__Records__:
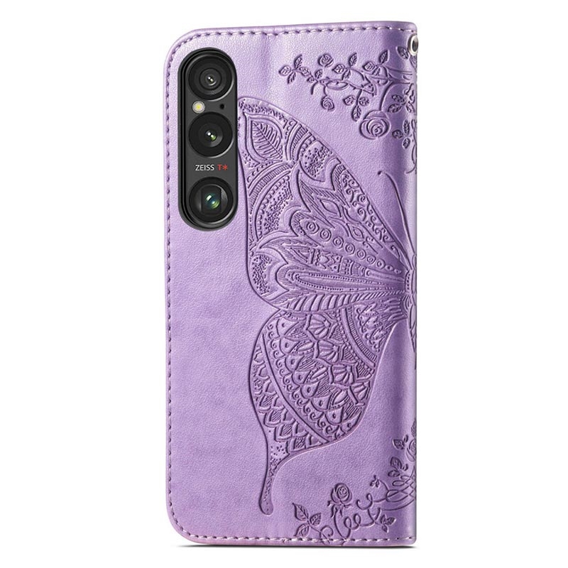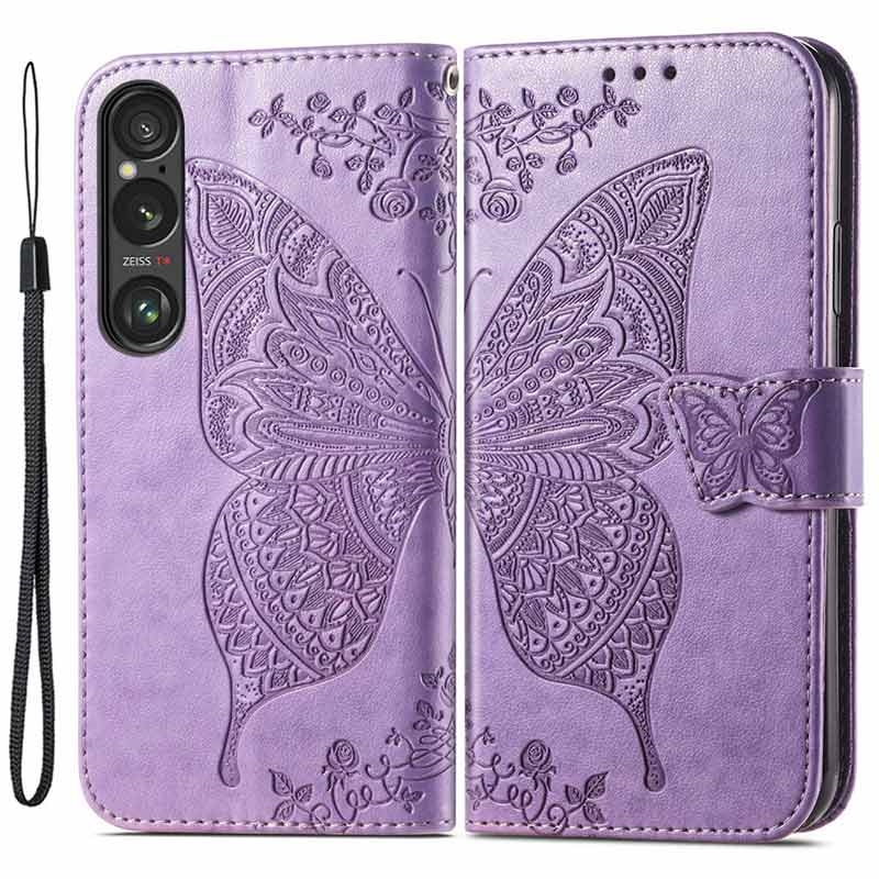 - Bolsa tipo carteira de alta qualidade para Sony Xperia 1 VI com um padrão de borboleta
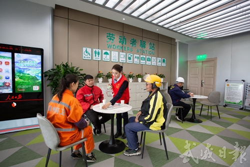 5月23日,户外工作者在劳动者驿站休息歇脚。市政府政务服务中心设立劳动者驿站 ,为快递员、外卖员、环卫工人等户外工作者提供贴心周到的歇脚服务。(记者甘曜毓 )
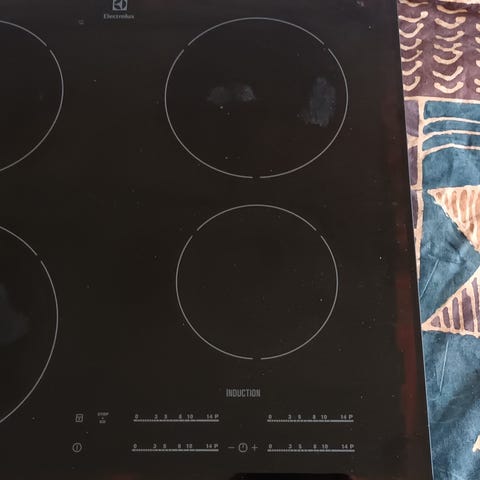 Electrolux induktionshäll med fyra kokzoner. 60 cm. Hällen har touchpanel framtill med separata reglage för varje zon. Fullt fungerande.
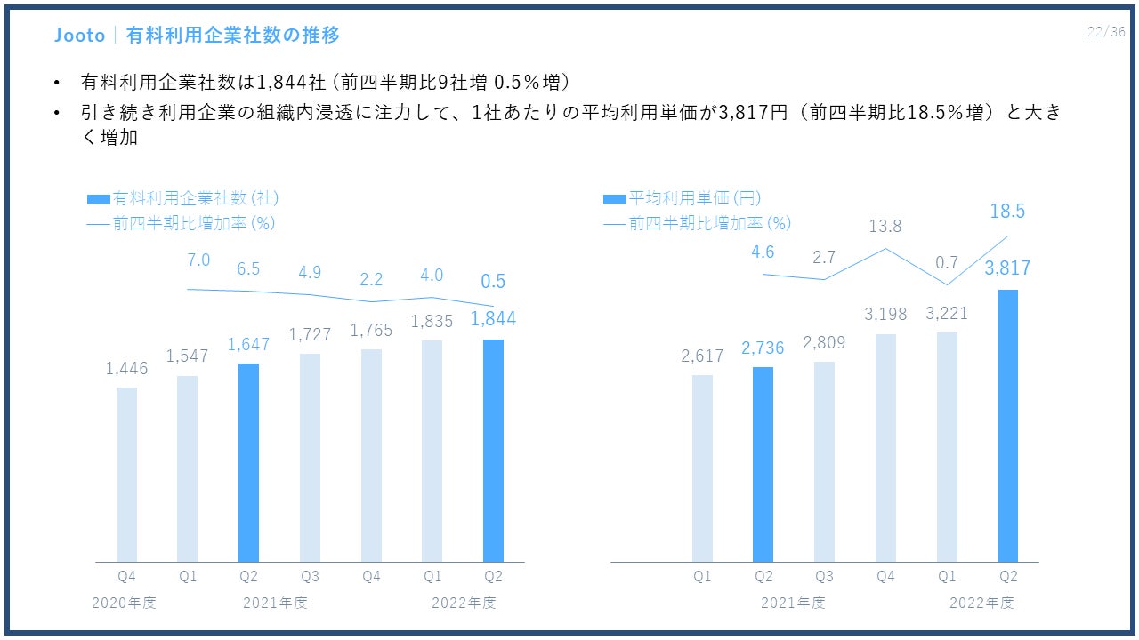 8月末時点の有料利用企業社数は1844社で、前四半期比で9社増に留まりました。引き続き、利用企業の組織内浸透に注力しており、1社あたりの平均利用単価が3817円(前四半期比18.5%増)と大きく増加しました。引き続き、利用社数と利用単価の両方を追っていく方針です。
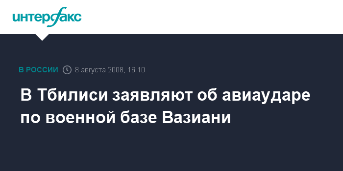 Москва. 8 августа. INTERFAX.RU - Российский военный самолет в пятницу днем совершил бомбовый удар по территории вазианской военной базы в окрестностях Тбилиси.
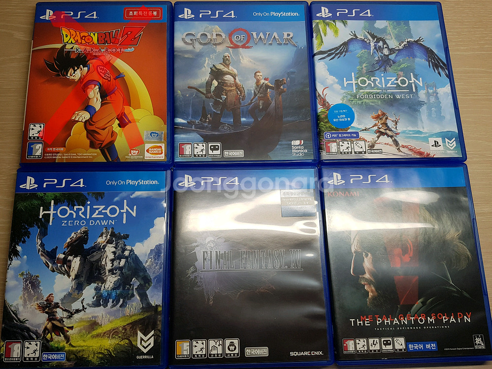 드래곤볼 Z 카카로트-(판매완료) 갓오브워- 0.8 호라이즌 포비든웨스트- 1.7 호라이즌 제로던- 0.6 파이널판타지15- 1.0 메탈기어솔리드 팬텀패인- 1.2 일반택배 3,800원 반값택배 1,900원 매일 오후 5시30분에 모든택배 보냅니다 이후 거래는 다음날 오후 5시30분에 보내드립니다~ 택배 뽁뽁이 감싸서 안전하게 보내드립니다 연락주세요:)
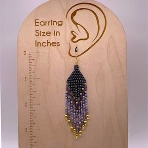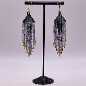 Beaded Fringe Dangle Earrings Purple Violet Lavender Gold Glass Beads Beadwork
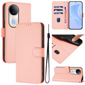 For vivo S20 Skin Feel Solid Color Leather Phone Case with Lanyard(Pink)
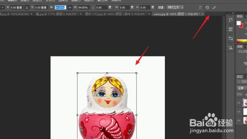 娃娃缩小必然比例之后,我们点击属性栏最后面的一个选项,保留更改。
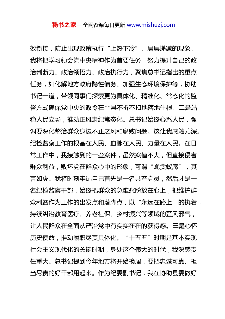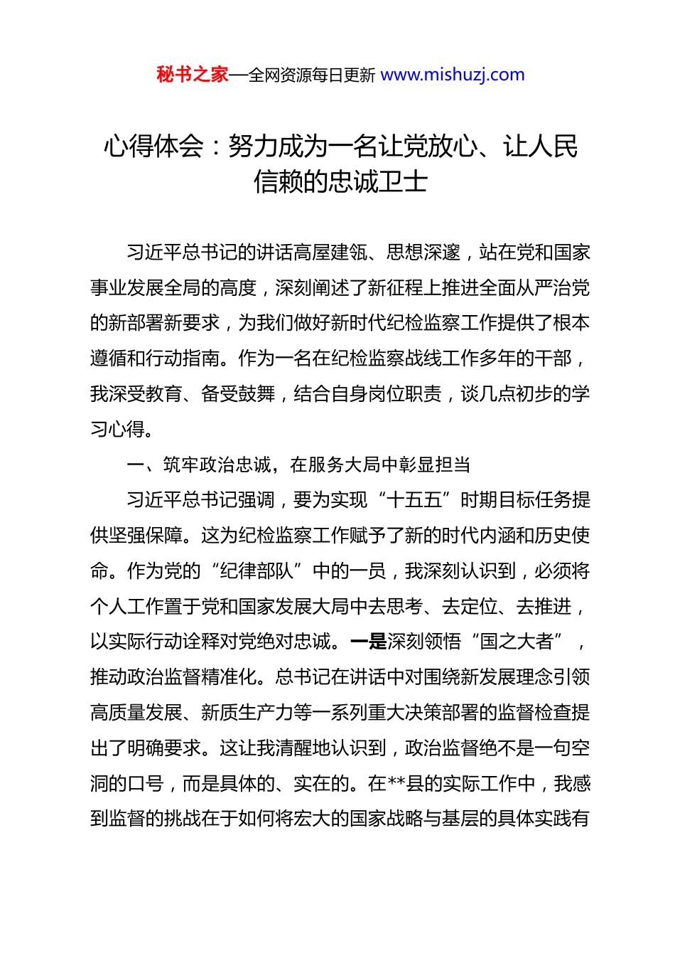 秘书之家—全网资源每日更新 www.mishuzj.com心得体会:努力成为一名让党放心、让人民信赖的忠诚卫士 习近平总书记的讲话高屋建瓴、思想深邃,站在党和国家事业发展全局的高度,深刻阐述了新征程上推进全面从严治党的新部署新要求,为我们做好新时代纪检监察工作提供了根本遵循和行动指南。作为一名在纪检监察战线工作多年的干部,我深受教育、备受鼓舞,结合自身岗位职责,谈几点初步的学习心得。一、筑牢政治忠诚,在服务大局中彰显担当习近平总书记强调,要为实现“十五五”时期目标任务提供坚强保障。这为纪检监察工作赋予了新的时代内涵和历史使命。作为党的“纪律部队”中的一员,我深刻认识到,必须将个人工作置于党和国家发展大局中去思考、去定位、去推进,以实际行动诠释对党绝对忠诚。一是深刻领悟“国之大者”,推动政治监督精准化。总书记在讲话中对围绕新发展理念引领高质量发展、新质生产力等一系列重大决策部署的监督检查提出了明确要求。这让我清醒地认识到,政治监督绝不是一句空洞的口号,而是具体的、实在的。在**县的实际工作中,我感到监督的挑战在于如何将宏大的国家战略与基层的具体实践有秘书之家—全网资源每日更新 www.mishuzj.com效衔接,防止出现政策执行“上热下冷”、层层递减的现象。我将把学习领会党中央精神作为首要任务,努力提升自己的政治判断力、政治领悟力、政治执行力,聚焦总书记指出的重点任务,如化解地方政府隐性债务、加强生态环境保护等,协助书记一道,带领同事们探索更为具体化、精准化、常态化的监督方式确保党中央的政令在**县不折不扣地落地生根。二是站稳人民立场,推动正风肃纪常态化。总书记始终心系人民,强调要深化整治群众身边不正之风和腐败问题。这让我感触尤深。纪检监察工作的根基在人民、血脉在人民、力量在人民。在日常工作中,我接触到的一些案件,虽然案值不大,但直接侵害群众利益,败坏党在群众心中的形象,可谓“蝇贪蚁腐”,其害如虎。我将时刻牢记自己首先是一名共产党员,然后才是一名纪检监察干部,始终把群众的急难愁盼放在心上,把维护群众利益作为工作的出发点和落脚点,以“永远在路上”的执着,持续纠治教育医疗、养老社保、乡村振兴等领域的歪风邪气,让人民群众在全面从严治党中有实实在在的获得感。三是心怀历史使命,推动履职尽责具体化。“十五五”时期是基本实现社会主义现代化的关键时期,身处这个伟大的时代,我深感责任重大。总书记提到今年地方将开始换届,要把忠诚可靠、担当尽责的好干部用起来。作为纪委副书记,我在协助县委做好秘书之家—全网资源每日更新 www.mishuzj.com干部选拔任用党风廉政意见回复工作中,必须严守标准、严格把关。我将以对党的事业高度负责、对同志的政治生命高度负责的态度,认真履行监督职责,把功夫下在平时,动态掌握干部的思想、工作、作风和生活状况,为县委选准人、用好人提供准确参考,以履职尽责的实际成效,为**县的政治生态持续向好贡献自己的力量。二、砥砺斗争精神,在自我革命中净化肌体习近平总书记指出,反腐败是一场输不起也决不能输的重大斗争。面对依然严峻复杂的反腐败斗争形势,作为一名纪检监察干部,必须发扬彻底的自我革命精神,敢于斗争、善于斗争,在攻坚战、持久战中不断取得新胜利。一是坚持标本兼治,在“不敢腐”上持续加压。总书记强调要保持高压态势不动摇,有腐必反、有贪必肃。我深知,任何一丝一毫的松懈都可能导致前功尽弃。在县一级,人情社会、圈子文化等对执纪执法工作的干扰和挑战客观存在。我将时刻提醒自己,在原则问题上绝不能有半点含糊和退让。无论面对何种阻力,都要坚定斗争意志,敢于较真碰硬,以事实为依据,以纪法为准绳,协助查办好每一个案件,坚决清除党员干部队伍中的害群之马,持续释放“越往后执纪越严”的强烈信号,让那些心存侥幸者不敢越雷池半步。二是坚持系统施治,在“不能腐”上扎紧笼子。秘书之家—全网资源每日更新 www.mishuzj.com总书记深刻指出,党的自我革命重在治权,要把权力关进制度笼子。回顾我参与查办的一些案件,很多都暴露出重点领域、关键岗位的制度漏洞和监管缺失。我认...
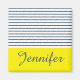 Motif moderne rayé blanc, bleu et jaune avec nom personnalisé
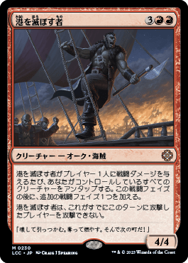 港を滅ぼす者がプレイヤー1人に戦闘ダメージを与えるたび、あなたがコントロールしている各クリーチャーをそれぞれアンタップする。この戦闘フェイズの後に、追加の戦闘フェイズを1つ加える。
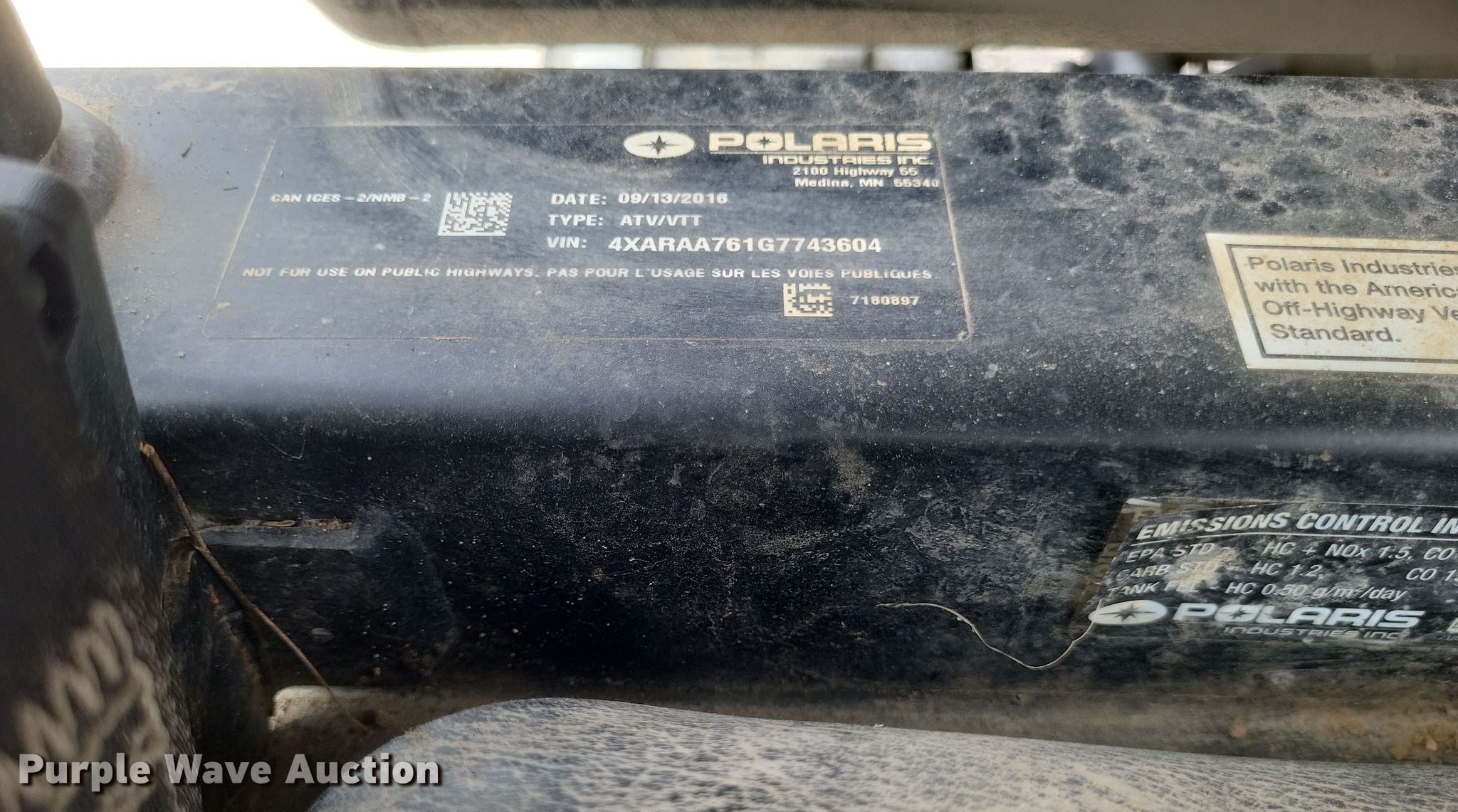 This 2016 Polaris Ranger 6x6 utility vehicle will sell to the highest bidder regardless of price.

__Work to complete__: Each line of the records above must be repeated exactly, but no picture belongs in the copy.

__Task response__:
 - Bolsa tipo carteira de alta qualidade para Sony Xperia 1 VI com um padrão de borboleta
 5月23日,户外工作者在劳动者驿站休息歇脚。市政府政务服务中心设立劳动者驿站 ,为快递员、外卖员、环卫工人等户外工作者提供贴心周到的歇脚服务。(记者甘曜毓 )
 Electrolux induktionshäll med fyra kokzoner. 60 cm. Hällen har touchpanel framtill med separata reglage för varje zon. Fullt fungerande.
 8月末時点の有料利用企業社数は1844社で、前四半期比で9社増に留まりました。引き続き、利用企業の組織内浸透に注力しており、1社あたりの平均利用単価が3817円(前四半期比18.5%増)と大きく増加しました。引き続き、利用社数と利用単価の両方を追っていく方針です。
 Москва. 8 августа. INTERFAX.RU - Российский военный самолет в пятницу днем совершил бомбовый удар по территории вазианской военной базы в окрестностях Тбилиси.
 드래곤볼 Z 카카로트-(판매완료) 갓오브워- 0.8 호라이즌 포비든웨스트- 1.7 호라이즌 제로던- 0.6 파이널판타지15- 1.0 메탈기어솔리드 팬텀패인- 1.2 일반택배 3,800원 반값택배 1,900원 매일 오후 5시30분에 모든택배 보냅니다 이후 거래는 다음날 오후 5시30분에 보내드립니다~ 택배 뽁뽁이 감싸서 안전하게 보내드립니다 연락주세요:)
 Beaded Fringe Dangle Earrings Purple Violet Lavender Gold Glass Beads Beadwork
 For vivo S20 Skin Feel Solid Color Leather Phone Case with Lanyard(Pink)
 娃娃缩小必然比例之后,我们点击属性栏最后面的一个选项,保留更改。
 秘书之家—全网资源每日更新 www.mishuzj.com心得体会:努力成为一名让党放心、让人民信赖的忠诚卫士 习近平总书记的讲话高屋建瓴、思想深邃,站在党和国家事业发展全局的高度,深刻阐述了新征程上推进全面从严治党的新部署新要求,为我们做好新时代纪检监察工作提供了根本遵循和行动指南。作为一名在纪检监察战线工作多年的干部,我深受教育、备受鼓舞,结合自身岗位职责,谈几点初步的学习心得。一、筑牢政治忠诚,在服务大局中彰显担当习近平总书记强调,要为实现“十五五”时期目标任务提供坚强保障。这为纪检监察工作赋予了新的时代内涵和历史使命。作为党的“纪律部队”中的一员,我深刻认识到,必须将个人工作置于党和国家发展大局中去思考、去定位、去推进,以实际行动诠释对党绝对忠诚。一是深刻领悟“国之大者”,推动政治监督精准化。总书记在讲话中对围绕新发展理念引领高质量发展、新质生产力等一系列重大决策部署的监督检查提出了明确要求。这让我清醒地认识到,政治监督绝不是一句空洞的口号,而是具体的、实在的。在**县的实际工作中,我感到监督的挑战在于如何将宏大的国家战略与基层的具体实践有秘书之家—全网资源每日更新 www.mishuzj.com效衔接,防止出现政策执行“上热下冷”、层层递减的现象。我将把学习领会党中央精神作为首要任务,努力提升自己的政治判断力、政治领悟力、政治执行力,聚焦总书记指出的重点任务,如化解地方政府隐性债务、加强生态环境保护等,协助书记一道,带领同事们探索更为具体化、精准化、常态化的监督方式确保党中央的政令在**县不折不扣地落地生根。二是站稳人民立场,推动正风肃纪常态化。总书记始终心系人民,强调要深化整治群众身边不正之风和腐败问题。这让我感触尤深。纪检监察工作的根基在人民、血脉在人民、力量在人民。在日常工作中,我接触到的一些案件,虽然案值不大,但直接侵害群众利益,败坏党在群众心中的形象,可谓“蝇贪蚁腐”,其害如虎。我将时刻牢记自己首先是一名共产党员,然后才是一名纪检监察干部,始终把群众的急难愁盼放在心上,把维护群众利益作为工作的出发点和落脚点,以“永远在路上”的执着,持续纠治教育医疗、养老社保、乡村振兴等领域的歪风邪气,让人民群众在全面从严治党中有实实在在的获得感。三是心怀历史使命,推动履职尽责具体化。“十五五”时期是基本实现社会主义现代化的关键时期,身处这个伟大的时代,我深感责任重大。总书记提到今年地方将开始换届,要把忠诚可靠、担当尽责的好干部用起来。作为纪委副书记,我在协助县委做好秘书之家—全网资源每日更新 www.mishuzj.com干部选拔任用党风廉政意见回复工作中,必须严守标准、严格把关。我将以对党的事业高度负责、对同志的政治生命高度负责的态度,认真履行监督职责,把功夫下在平时,动态掌握干部的思想、工作、作风和生活状况,为县委选准人、用好人提供准确参考,以履职尽责的实际成效,为**县的政治生态持续向好贡献自己的力量。二、砥砺斗争精神,在自我革命中净化肌体习近平总书记指出,反腐败是一场输不起也决不能输的重大斗争。面对依然严峻复杂的反腐败斗争形势,作为一名纪检监察干部,必须发扬彻底的自我革命精神,敢于斗争、善于斗争,在攻坚战、持久战中不断取得新胜利。一是坚持标本兼治,在“不敢腐”上持续加压。总书记强调要保持高压态势不动摇,有腐必反、有贪必肃。我深知,任何一丝一毫的松懈都可能导致前功尽弃。在县一级,人情社会、圈子文化等对执纪执法工作的干扰和挑战客观存在。我将时刻提醒自己,在原则问题上绝不能有半点含糊和退让。无论面对何种阻力,都要坚定斗争意志,敢于较真碰硬,以事实为依据,以纪法为准绳,协助查办好每一个案件,坚决清除党员干部队伍中的害群之马,持续释放“越往后执纪越严”的强烈信号,让那些心存侥幸者不敢越雷池半步。二是坚持系统施治,在“不能腐”上扎紧笼子。秘书之家—全网资源每日更新 www.mishuzj.com总书记深刻指出,党的自我革命重在治权,要把权力关进制度笼子。回顾我参与查办的一些案件,很多都暴露出重点领域、关键岗位的制度漏洞和监管缺失。我认...
 Motif moderne rayé blanc, bleu et jaune avec nom personnalisé
 港を滅ぼす者がプレイヤー1人に戦闘ダメージを与えるたび、あなたがコントロールしている各クリーチャーをそれぞれアンタップする。この戦闘フェイズの後に、追加の戦闘フェイズを1つ加える。
 This 2016 Polaris Ranger 6x6 utility vehicle will sell to the highest bidder regardless of price.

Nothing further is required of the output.